/Linux-kernel-overview

A general overview of a kernel and why the Linux kernel stands out.

Linux-kernel-overview

A general overview of a kernel and why the Linux kernel stands out.

The kernel overview

Introduction

The kernel is the central layer of an operating system (OS) - controlling the resources of the machine such as the CPU, the memory and the devices - this central component of a computer system is responsible for 'running' or 'executing' programs. The kernel takes responsibility for deciding at any time which of the many running programs should be allocated to the processor or processors.
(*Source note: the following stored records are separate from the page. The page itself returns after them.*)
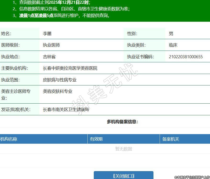 姓名:李墨性別:男醫(yī)師級別:執(zhí)業(yè)醫(yī)師執(zhí)業(yè)類別:臨床執(zhí)業(yè)地點:吉林省執(zhí)業(yè)證書編碼:210220381000655主要執(zhí)業(yè)機構:長春中妍奧拉克醫(yī)學美容醫(yī)院執(zhí)業(yè)范圍:皮膚病與性病專業(yè)美容主診醫(yī)師專業(yè):美容皮膚科專業(yè)發(fā)證(批準)機關:長春市南關區(qū)衛(wèi)生健康局 -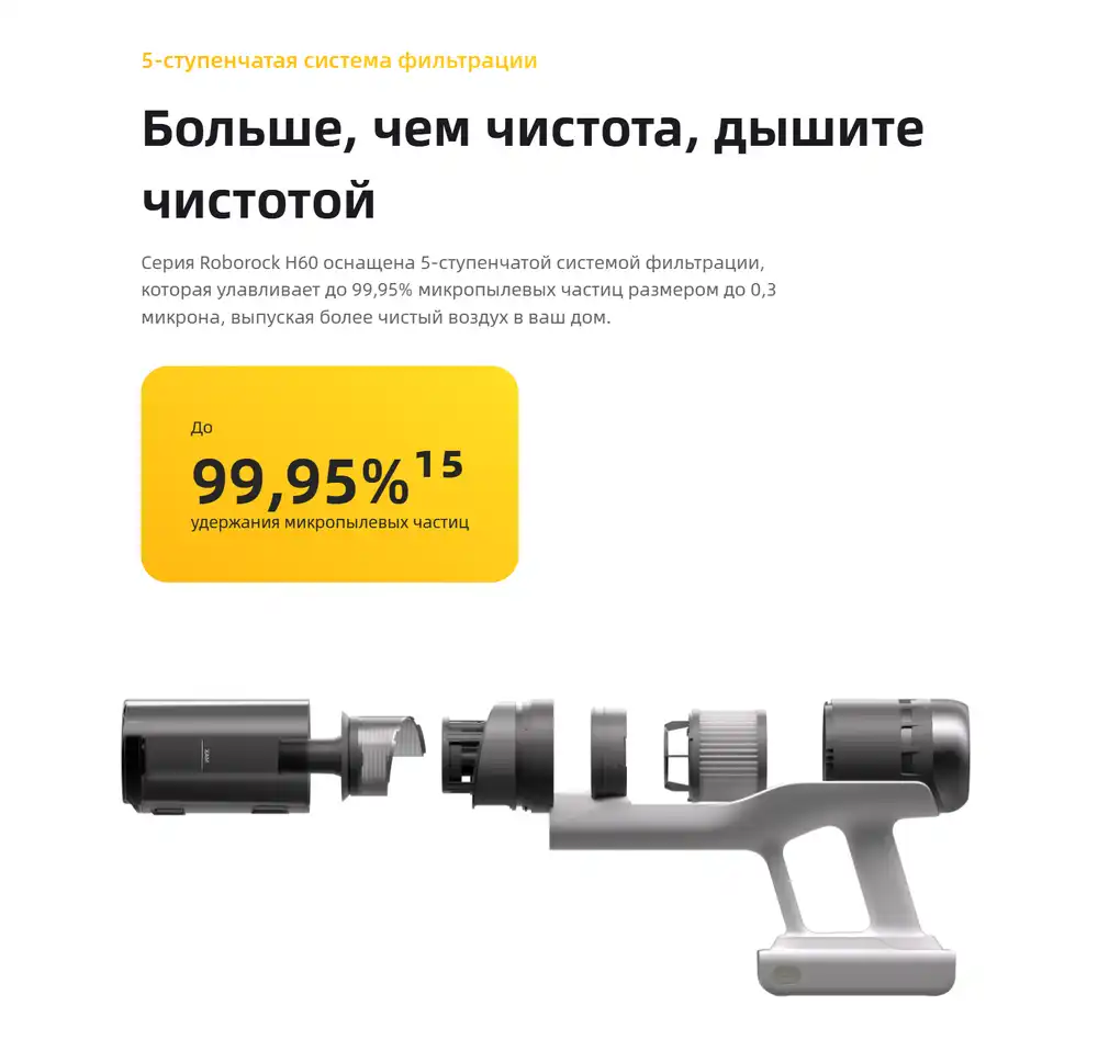 Беспроводной вертикальный пылесос Roborock H60 Pro Белый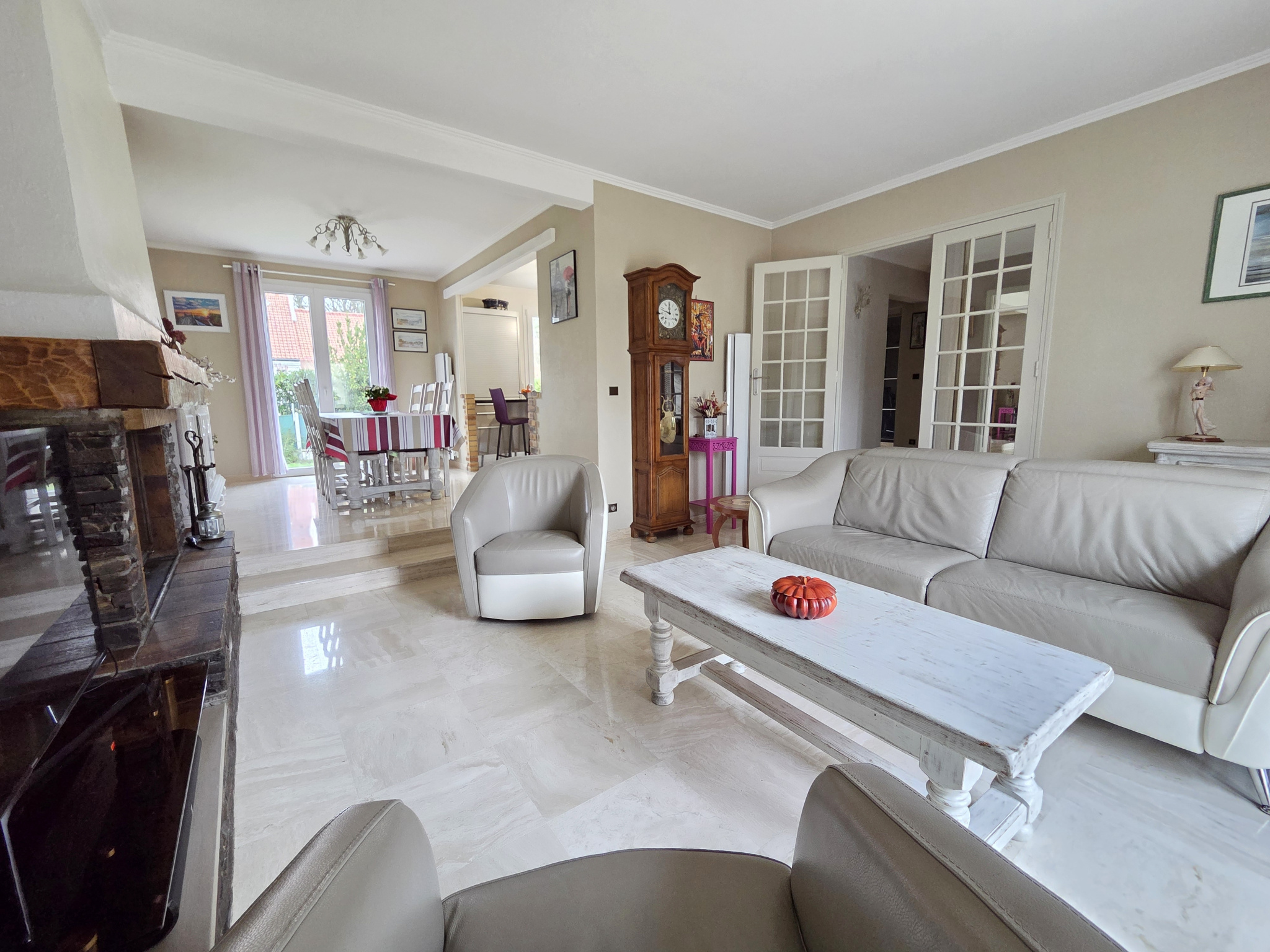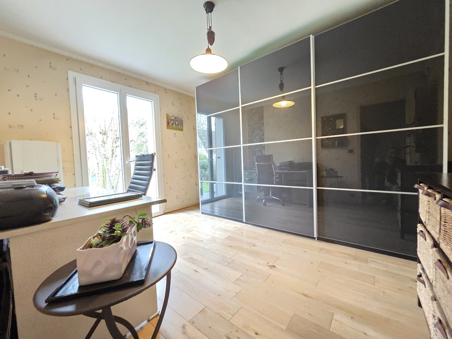 L'Étude Gindra vous présente en exclusivité cette charmante maison idéalement située à proximité immédiate du centre-ville, en lisière du Bois Saint-Martin. Offrant 6 chambres, elle constitue une opportunité rare sur le secteur. La maison se compose, au rez-de-chaussée, d'une entrée avec placard, d'une cuisine ouverte, aménagée et équipée, avec accès direct à la terrasse et attenante à la salle à manger, d'un salon chaleureux avec cheminée, de deux chambres de plain-pied (possibilité de créer une belle suite parentale), ainsi que d'une salle de bains et d'un WC séparé.

The shell interface resides between the users and the kernel, it has a layer of utilities or useful programs such as editors, compilers for programming languages and programs that you write yourself.

Types of kernels

The types of kernels are defined according to the code being execucted in the hardware's priviledged mode, also defined as the total volume of the kernel code.

a) Microkernel

A microkernel provides minimal services, such as defining memory address spaces, interprocess communication (IPC) and process management. All other functions, such as hardware management, are implemented as processes running independently of the kernel.

b) Monolithic

Monolithic kernels contain all the OS core functions and the device drivers (small programs that allow the OS to interact with hardware devices, such as disk drives, video cards and printers). In a monolithic kernel, all OS services run along with the main kernel thread, thus also residing in the same memory area. This approach provides rich and powerful hardware access.

The main disadvantages of monolithic kernels are the dependencies between system components – a bug in a device driver might crash the entire system – and the fact that large kernels can become very difficult to maintain.

Monolithic kernels have traditionally been used by Unix-like OS such as Linux, OS X, SunOS - now known as Oracle Solaris- or the no longer developed Berkeley Software Distribution (BSD).

c) Hybrid

Hybrid kernels are similar to microkernels, except that they include additional code in the kernel space for optimizational purposes of the code run time. These kernels represent a compromise that was implemented by some developers before it was demonstrated that pure microkernels can provide high performance.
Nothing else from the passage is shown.